▶ [Exercise] Your task is to transcribe the data exactly while omitting each picture.

BEGIN Exercise input

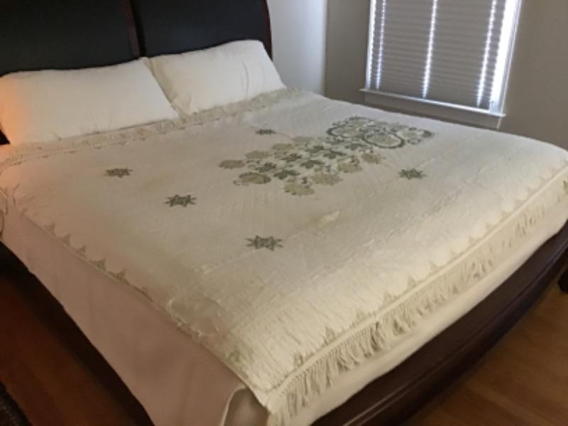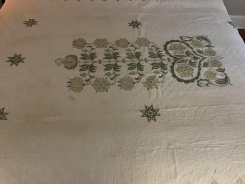 Antique Handmade Mennonite Cross Stitched Bedspread
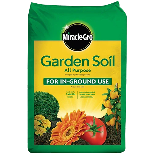 Miracle-Gro® All Purpose Garden Soil is enriched with continuous release plant food to help get plants off to a great start. It will feed them up to 3 months and improve the existing soil so your plants can build strong roots.
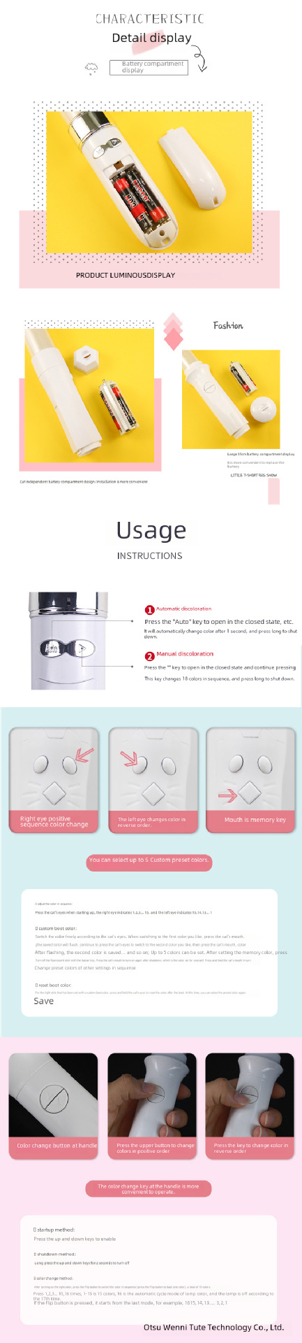 - 24 color adorable cat stick (with battery)
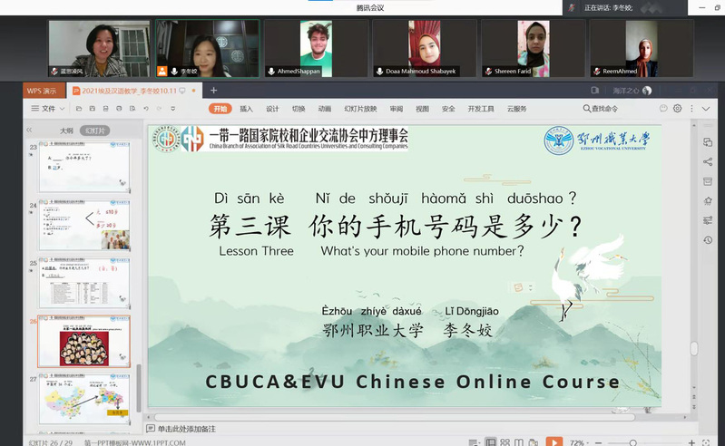 国际汉语师资培训基地由我校与“一带一路”国家院校和企业交流协会中方理事会、国际汉语考教结合研究中心合作打造。该课程是国际汉语师资培训基地的第一批在线教学实践,由我校4名国际汉语教师为埃及中文大学的15位大学生在线教授HSK1级口语课程。
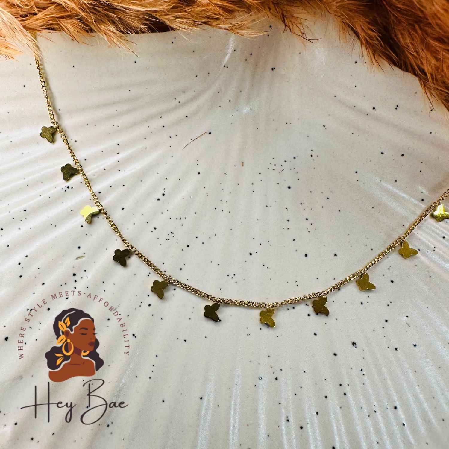 Embrace femininity and elegance with the HeyBae Gold Butterfly Necklace, a timeless chain designed with delicate butterfly links. 🦋 Perfectly blending charm and sophistication, this piece is versatile enough to pair with ethnic elegance or modern western styles.
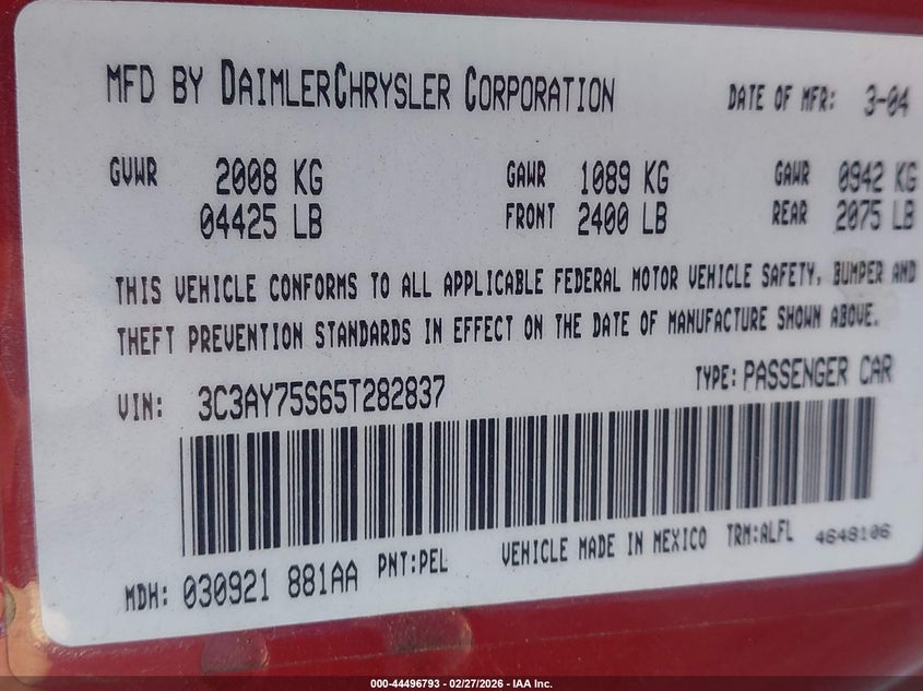 VIN: 3C3AY75S65T282837
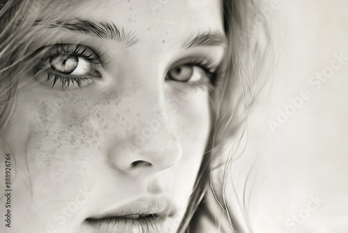 Close-up photo of a beautiful girl, capturing her radiant features and natural beauty in a detailed, expressive portrait
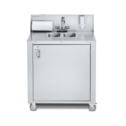 Portable Sink, cold water only, (2) 6" wide x 12" front-to-back x 5" deep bowls, (2) 5 gallon removable fresh water tanks & (2) 7-1/2 gallon removable waste water tanks, soap & paper towel dispensers, electric water pump & hands-free foot pump operation,

END Exercise input

▶ [Result for this exercise]
 Antique Handmade Mennonite Cross Stitched Bedspread
 Miracle-Gro® All Purpose Garden Soil is enriched with continuous release plant food to help get plants off to a great start. It will feed them up to 3 months and improve the existing soil so your plants can build strong roots.
 - 24 color adorable cat stick (with battery)
 国际汉语师资培训基地由我校与“一带一路”国家院校和企业交流协会中方理事会、国际汉语考教结合研究中心合作打造。该课程是国际汉语师资培训基地的第一批在线教学实践,由我校4名国际汉语教师为埃及中文大学的15位大学生在线教授HSK1级口语课程。
 Embrace femininity and elegance with the HeyBae Gold Butterfly Necklace, a timeless chain designed with delicate butterfly links. 🦋 Perfectly blending charm and sophistication, this piece is versatile enough to pair with ethnic elegance or modern western styles.
 VIN: 3C3AY75S65T282837
 Close-up photo of a beautiful girl, capturing her radiant features and natural beauty in a detailed, expressive portrait
 Portable Sink, cold water only, (2) 6" wide x 12" front-to-back x 5" deep bowls, (2) 5 gallon removable fresh water tanks & (2) 7-1/2 gallon removable waste water tanks, soap & paper towel dispensers, electric water pump & hands-free foot pump operation,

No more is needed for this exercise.